» EXERCISE
Among the lines below, copy exactly those from the one with "(不管可靠那題答對方是正解啦" through the one with "Настольный мольберт классической", counting both ends.

» GIVEN RECORDS
******************************

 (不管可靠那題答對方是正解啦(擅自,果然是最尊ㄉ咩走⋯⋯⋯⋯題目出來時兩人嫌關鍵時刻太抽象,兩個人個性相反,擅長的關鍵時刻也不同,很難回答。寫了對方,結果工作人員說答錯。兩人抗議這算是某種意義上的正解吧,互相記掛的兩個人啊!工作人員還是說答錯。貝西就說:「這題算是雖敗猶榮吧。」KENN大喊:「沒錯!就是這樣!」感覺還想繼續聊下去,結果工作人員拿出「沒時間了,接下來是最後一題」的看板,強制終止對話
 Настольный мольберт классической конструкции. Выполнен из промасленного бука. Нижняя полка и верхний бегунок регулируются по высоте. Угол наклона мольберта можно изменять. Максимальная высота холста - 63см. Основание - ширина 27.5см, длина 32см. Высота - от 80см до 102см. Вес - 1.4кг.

******************************

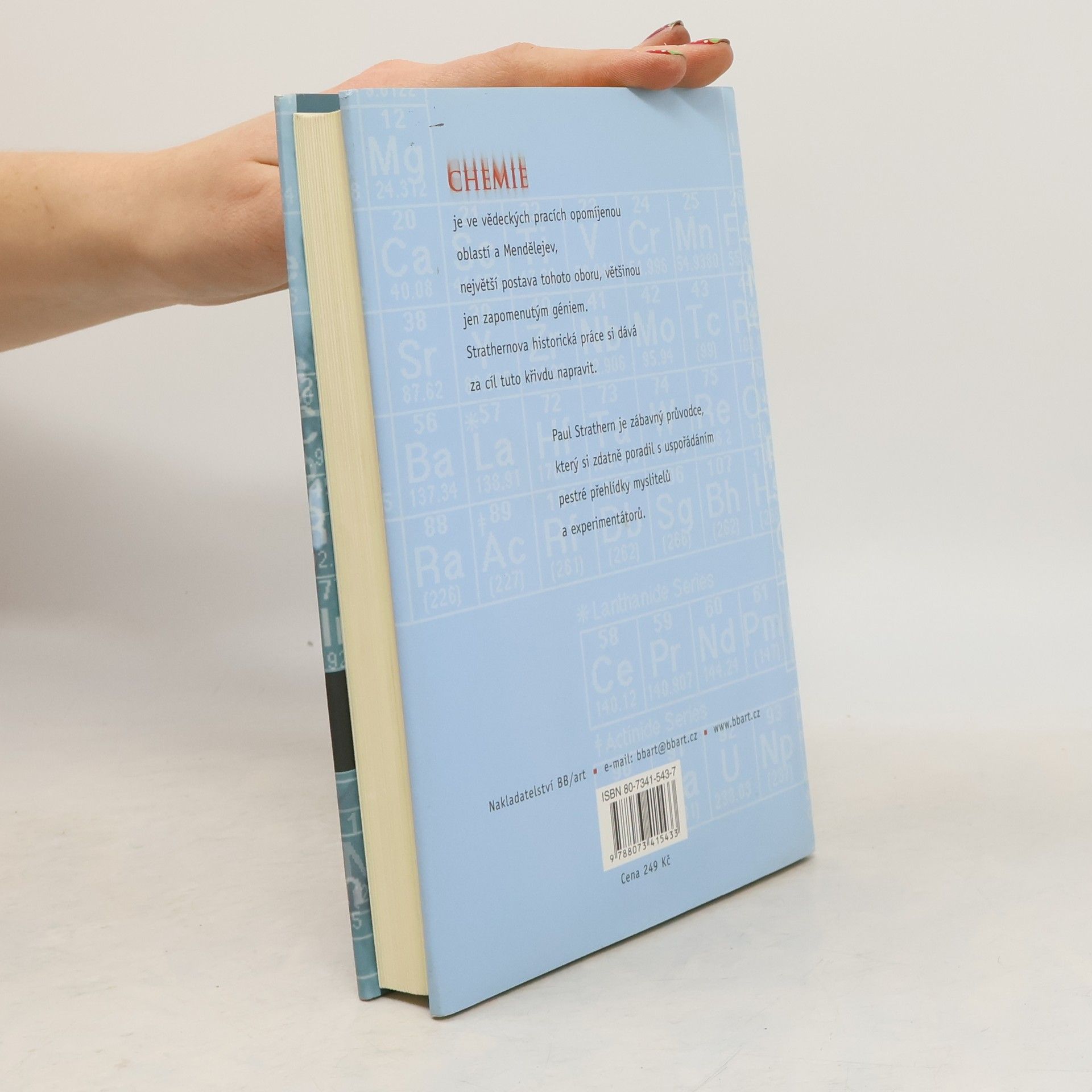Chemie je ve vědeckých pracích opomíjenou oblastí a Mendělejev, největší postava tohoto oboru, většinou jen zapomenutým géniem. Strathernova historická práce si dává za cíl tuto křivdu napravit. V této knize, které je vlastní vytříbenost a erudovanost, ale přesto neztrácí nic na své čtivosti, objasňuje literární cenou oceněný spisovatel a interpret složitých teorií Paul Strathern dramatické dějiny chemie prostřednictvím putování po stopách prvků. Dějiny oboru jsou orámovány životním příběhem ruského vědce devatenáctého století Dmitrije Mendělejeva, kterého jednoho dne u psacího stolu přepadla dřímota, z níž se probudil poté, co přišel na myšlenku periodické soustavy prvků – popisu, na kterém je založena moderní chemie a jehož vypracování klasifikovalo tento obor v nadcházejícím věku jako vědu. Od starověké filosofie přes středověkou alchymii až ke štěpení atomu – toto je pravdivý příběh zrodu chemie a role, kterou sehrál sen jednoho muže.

******************************

» RESPONSE TO THE EXERCISE
 (不管可靠那題答對方是正解啦(擅自,果然是最尊ㄉ咩走⋯⋯⋯⋯題目出來時兩人嫌關鍵時刻太抽象,兩個人個性相反,擅長的關鍵時刻也不同,很難回答。寫了對方,結果工作人員說答錯。兩人抗議這算是某種意義上的正解吧,互相記掛的兩個人啊!工作人員還是說答錯。貝西就說:「這題算是雖敗猶榮吧。」KENN大喊:「沒錯!就是這樣!」感覺還想繼續聊下去,結果工作人員拿出「沒時間了,接下來是最後一題」的看板,強制終止對話
 Настольный мольберт классической конструкции. Выполнен из промасленного бука. Нижняя полка и верхний бегунок регулируются по высоте. Угол наклона мольберта можно изменять. Максимальная высота холста - 63см. Основание - ширина 27.5см, длина 32см. Высота - от 80см до 102см. Вес - 1.4кг.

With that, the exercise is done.